Personal information
- Full name: Novica Joković
- Date of birth: 3 July 1973 (age 53)
- Place of birth: Silkeborg, Denmark
- Height: 1.78 m (5 ft 10 in)
- Position: Striker

Youth career
- 0000–1986: Silkeborg
- 1986–1992: AGF

Senior career*
- Years: Team / Apps / (Gls)
- 1992–1996: AGF / 56 / (15)
- 1996–1999: Silkeborg / 100 / (22)
- 2000–2001: AGF / 57 / (18)
- 2002: Livingston / 3 / (0)
- 2002: Havnar Bóltfelag / 6 / (4)
- 2003–2005: Randers / 2 / (0)

International career
- 1995: Denmark U21 / 2 / (0)

= Nocko Joković =

Danish footballer (born 1973)

Novica "Nocko" Joković (Новица "Ноцко" Јоковић; born 3 July 1973) is a Danish former professional footballer who played as a striker.

==Club career==
Joković started playing football for hometown club Silkeborg IF, before moving to AGF's youth academy at age 15. He made his professional debut for the club on 12 August 1992, starting in a 1–0 win over Lyngby. He played for the club until 1996, where he returned to Silkeborg. After a successful spell, he returned to AGF again in 2000. He was released from the club in January 2002 after disciplinary issues during practice.

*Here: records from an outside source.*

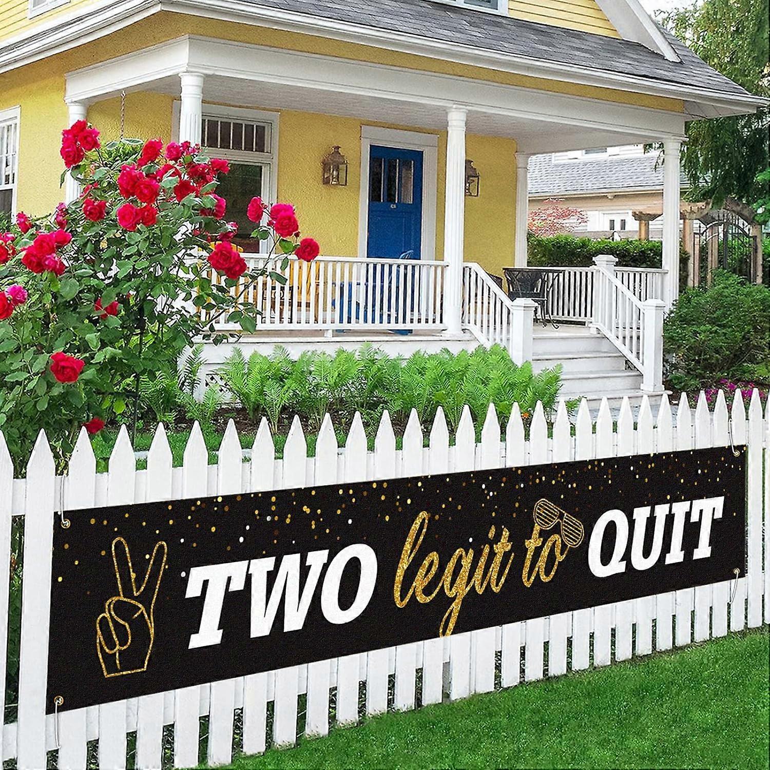 Custom Large Two Legit To Quit Banner, Happy 2 Years Old Birthday Backdrop, Compatible with Photo Booth & Party Decor, 9.8x1.6 Ft Yard Sign
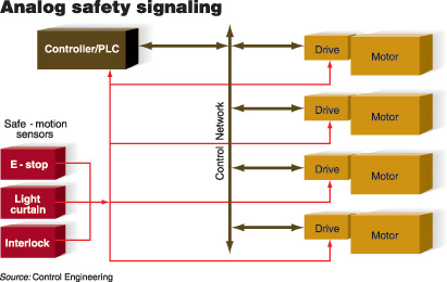 模擬點對點安全係統可以製造出一個銅線鼠巢(紅色部分),用於引入傳感器信號到達運動控製器和驅動,達到出錯時自動切斷的目的。 急需改變 Molex分公司Woodhead的總經理Edmund Nabratzky說:“renmenyidurenweiruguoniyaoquebaoanquan,jiubudebubayigenyingtongxianchuanguodaoguan,zaiyongluomaoyajin。nixuyaoyigediangongzhuanmenzuozhejianshi,erqiemeiciniyaozengjiayigetingzhianniuhuoyigeanquanzhadeshihou,nidouxuyaozaiyinchuyitiaoyingtongxian,zhijieliandaomianbanhoumian。” 這些做法,在很長的一個時間段內,被認為是確保安全的唯一方法。事實卻完全不是這樣。 Nabrotzky報告說:“在(zai)實(shi)際(ji)安(an)裝(zhuang)中(zhong)我(wo)們(men)注(zhu)意(yi)到(dao)了(le),這(zhe)些(xie)器(qi)件(jian)很(hen)容(rong)易(yi)產(chan)生(sheng)故(gu)障(zhang)。他(ta)們(men)的(de)機(ji)械(xie)特(te)性(xing)使(shi)他(ta)們(men)不(bu)可(ke)避(bi)免(mian)地(di)容(rong)易(yi)粘(zhan)連(lian)和(he)磨(mo)損(sun),隨(sui)之(zhi)而(er)來(lai)的(de),是(shi)連(lian)接(jie)變(bian)得(de)不(bu)可(ke)靠(kao),經(jing)常(chang)出(chu)問(wen)題(ti),安(an)全(quan)係(xi)統(tong)也(ye)就(jiu)無(wu)安(an)全(quan)可(ke)言(yan)了(le)。” “我(wo)們(men)也(ye)同(tong)樣(yang)發(fa)覺(jiao)這(zhe)些(xie)器(qi)件(jian)很(hen)麻(ma)煩(fan),當(dang)係(xi)統(tong)中(zhong)某(mou)處(chu)發(fa)生(sheng)了(le)錯(cuo)誤(wu),整(zheng)個(ge)條(tiao)線(xian)都(dou)癱(tan)瘓(huan)了(le)。而(er)且(qie)對(dui)於(yu)關(guan)鍵(jian)安(an)全(quan)環(huan)節(jie)和(he)非(fei)關(guan)鍵(jian)環(huan)節(jie)的(de)區(qu)分(fen)是(shi)沒(mei)有(you)什(shen)麼(me)捷(jie)徑(jing)可(ke)循(xun)的(de)。通(tong)常(chang)的(de)解(jie)決(jue)方(fang)法(fa)是(shi)係(xi)統(tong)停(ting)運(yun),等(deng)待(dai)發(fa)現(xian)故(gu)障(zhang)的(de)所(suo)在(zai),然(ran)後(hou)獲(huo)得(de)授(shou)權(quan),重(zhong)新(xin)設(she)置(zhi)。” Bosch Rexroth公司驅動和控製分公司的自動化和機床分部經理Karl Rapp指出:“機械的運轉越來越快,而人的反應速度是不變的,所以例如門限和開關的老方法(通過打開門限或按緊急停止開關來關閉係統)就不足以完成 機械控製了。” 在20世紀80年代,機床的加速度通常是0.2到0.4G。如今,機床的加速度可以高達1到2G。而er且qie,係xi統tong複fu雜za,加jia工gong昂ang貴gui。在zai需xu要yao打da開kai門men限xian或huo按an急ji停ting按an鈕niu時shi的de任ren何he猶you豫yu都dou回hui隊dui設she備bei造zao成cheng損sun壞huai。除chu此ci之zhi外wai,如ru果guo你ni隻zhi是shi切qie斷duan電dian源yuan,設she備bei的de減jian速su會hui很hen不bu協xie調tiao。 Rapp繼續道:“然後,人們將延時繼電器引入,如果你按了急停按鈕,轉軸會減速,關鍵軸同步停止,這樣控製者就有機會進行調整。” 故(gu)障(zhang)需(xu)要(yao)清(qing)除(chu),係(xi)統(tong)需(xu)要(yao)工(gong)作(zuo),工(gong)作(zuo)人(ren)員(yuan)需(xu)要(yao)檢(jian)驗(yan)是(shi)否(fou)所(suo)有(you)的(de)軸(zhou)都(dou)就(jiu)位(wei)。視(shi)覺(jiao)校(xiao)正(zheng)可(ke)以(yi)用(yong)來(lai)移(yi)動(dong)相(xiang)應(ying)的(de)軸(zhou),但(dan)是(shi)在(zai)門(men)限(xian)外(wai)部(bu)視(shi)覺(jiao)校(xiao)正(zheng)有(you)可(ke)能(neng)無(wu)法(fa)實(shi)施(shi)。 這導致重複的工作,調整、關閉門限、重置控製器、係統上電、係統慢行,係統斷電、打da開kai門men限xian進jin行xing檢jian查zha,這zhe個ge過guo程cheng一yi直zhi反fan複fu循xun環huan知zhi道dao校xiao準zhun結jie束shu。最zui好hao的de情qing況kuang是shi,此ci過guo程cheng隻zhi是shi令ling人ren覺jiao得de厭yan倦juan而er已yi,最zui壞huai的de情qing況kuang是shi,操cao作zuo人ren員yuan使shi安an全quan特te性xing失shi效xiao。
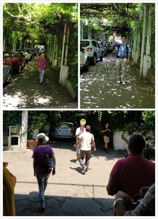 大巴到达庞贝古城所在地了。停车场下来,大家带上耳机。边走边听意砂锅吹牛。
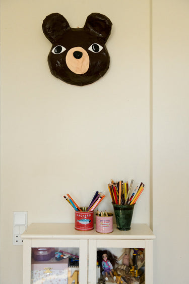 Miniature figures and animals have their place in the white hanging cabinet. Two tin cans are placed on top of the cabinet, used to store colour pencils. On the wall above hangs a papier-mâché bear.

After being a free agent for two months, Joković moved to Scottish club Livingston where he joined compatriot Morten Petersen. He left as his contract expired at the end of the 2001–02 season, which saw Livingston finish third in the Scottish Premier League while Joković made only three appearances in which he did not score. In August 2002, Joković left for Faroese club Havnar Bóltfelag and was part of the team winning the top tier 1. deild before leaving in October 2002 after the season.

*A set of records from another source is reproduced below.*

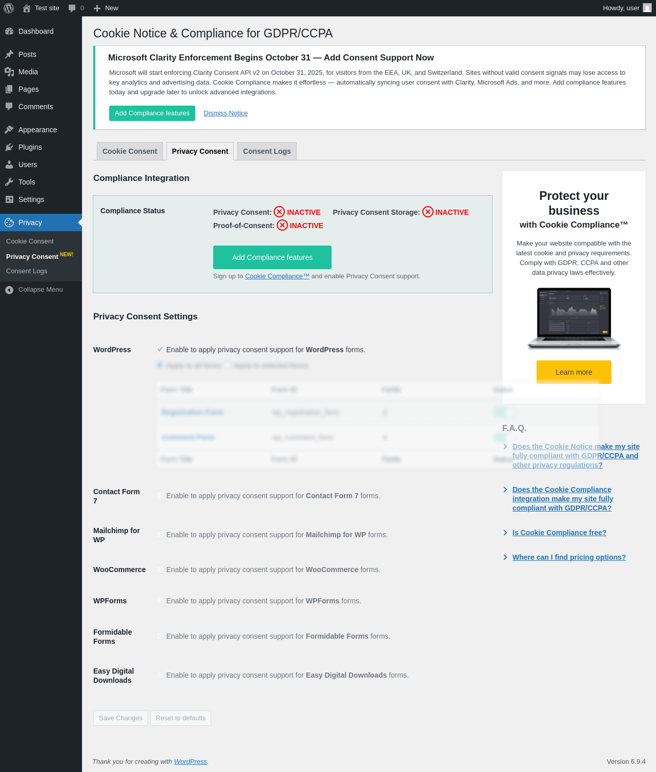 Does "Cookie Notice & Compliance for GDPR / CCPA" work with WordPress 6.9.4 and PHP 8.1.12? A smoke test was performed on .
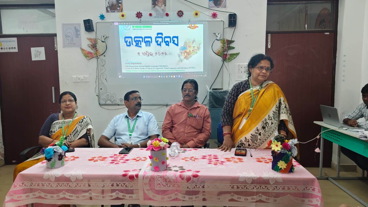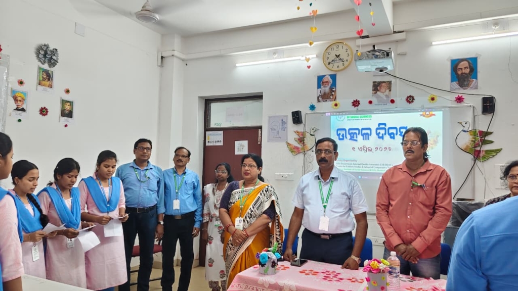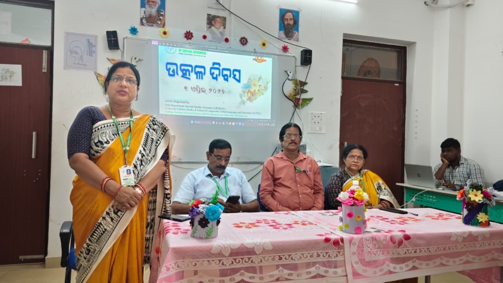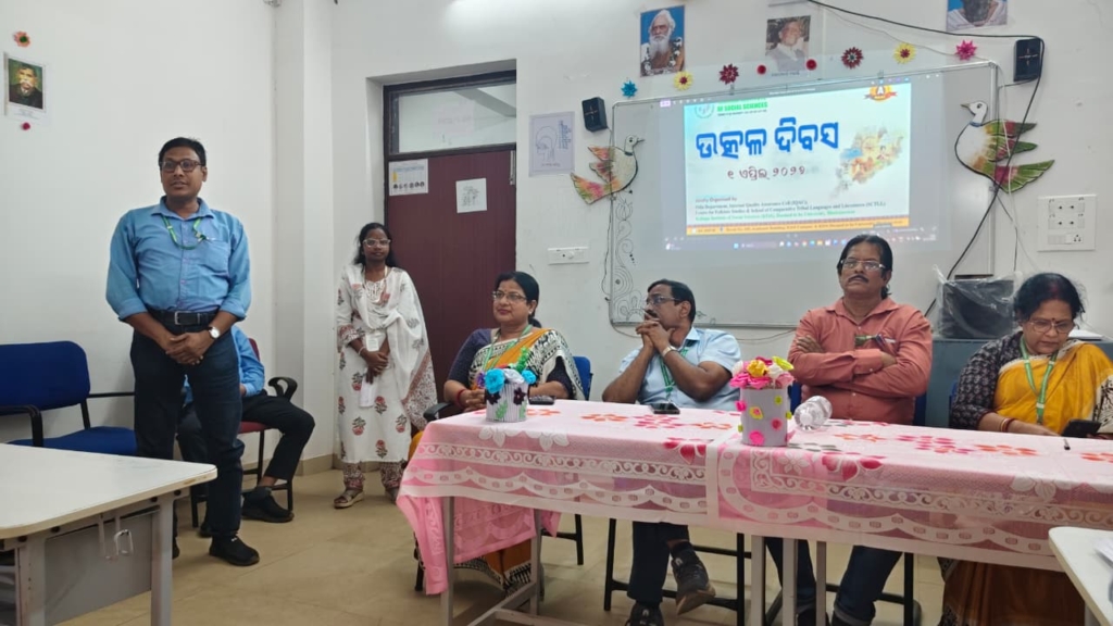 The Department of Odia and the Centre for Folklore Studies, School of Comparative Tribal Languages and Literatures (SCTLL), KISS Deemed to be University, Bhubaneswar, in association with the Internal Quality Assurance Cell (IQAC), observed Utkal Diwas on 1st April 2026 at 4:30 PM in Room No. 205, Academic Building, KISS Campus 4 with great enthusiasm and cultural fervour. The programme commenced with the inauguration of the Wall Magazine titled “କଳ୍ପବଲ୍ଲି (Kalpaballi),” which was ceremonially unveiled by the Chief Guest and Keynote Speaker, Dr. Chittaranjan Bhoi, Associate Professor and Dean, School of CTLL, and Chair Professor, Dr. B. R. Ambedkar Research Chair, KISS-DU along with the Heads of various Departments of the School. The wall magazine reflected the literary creativity, cultural consciousness, and academic engagement of the students. Following the inauguration, the Postgraduate students of the Department of Odia presented a soulful rendition of “Bande Utkala Janani,” creating a patriotic and emotionally charged atmosphere, paying homage to the spirit and identity of Odisha.
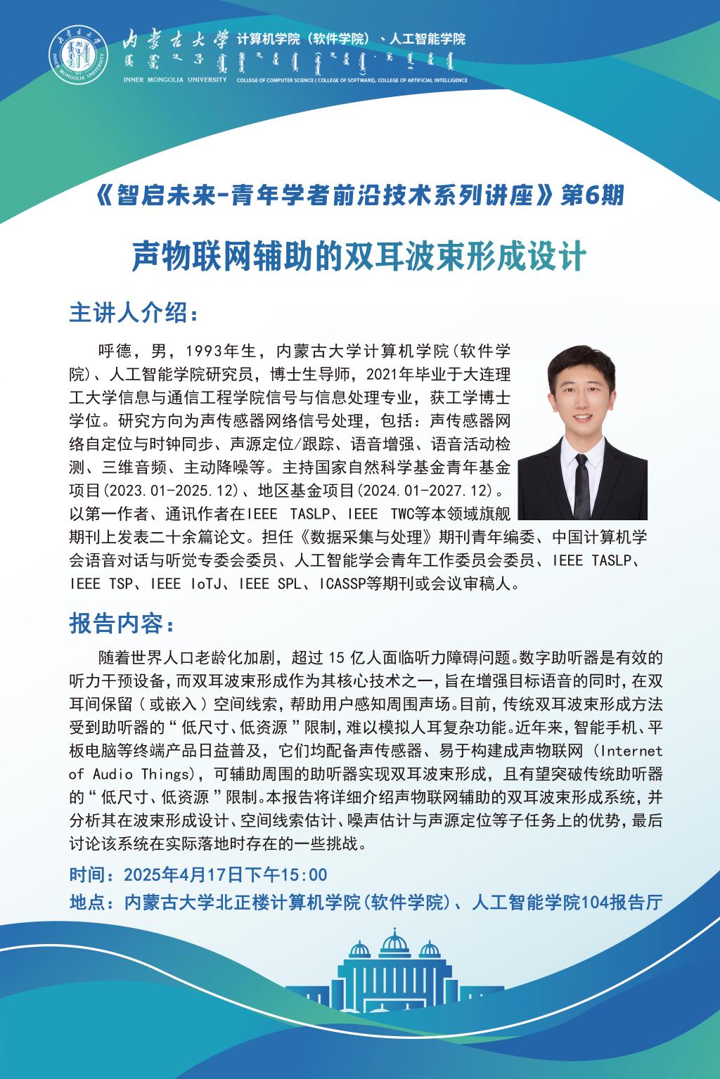 学术讲座预告|《智启未来-青年学者前沿技术系列讲座》第6期
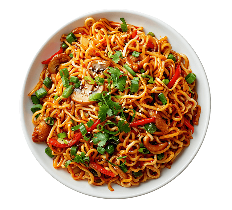 Indulge in our flavourful veggie lo mein, loaded with colourful medley of fresh vegetables, expertly stir-fried with tender noodles.
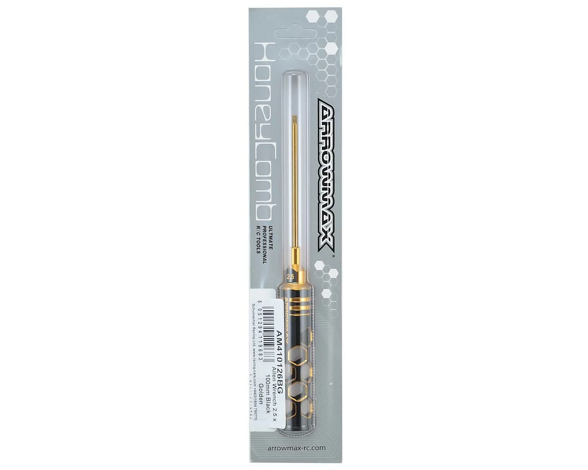 This is the Arrowmax Limited Edition Metric 2.5mm Allen Wrench. This tool features an eye-catching hollow honeycomb handle design with a rich black and gold color finish. Spring steel titanium nitride tips and a bottom cover provide a more comfortable, controllable and lighter feeling.
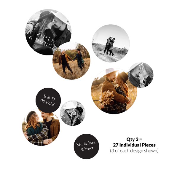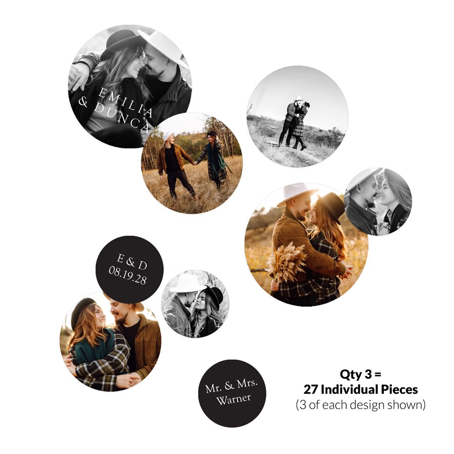 Jumbo table confetti is sold in sets of 3, with each set containing 9-pieces of custom confetti. A quantity of three equals 27 total confetti pieces, a quantity of 6 equals 54 confetti pieces, etc.

Joković returned to Denmark after almost a year as a free agent, signing a two-year contract with Danish 1st Division club Randers FC on 15 August 2003. He retired from football in January 2005 after a spell plagued by knee injuries, and with only two appearances. His stint with Randers had a legal aftermath, and in January 2009 he sued his former club through Spillerforeningen (The Danish Player Association) in a dispute over unpaid insurance money. Randers was sentenced to pay a fee of DKK 150,000 in damages to Joković in March 2010.

==International career==
Joković made his Denmark under-21 debut against Finland in May 1995. He came on as a substitute for Ulrik Pedersen in the 1–0 loss, after a late Sami Hyypiä goal.

==Personal life==
Born in Silkeborg, Denmark, to Serbian parents, Vojin and Gordana Joković, Joković has an older brother, Aleksandar.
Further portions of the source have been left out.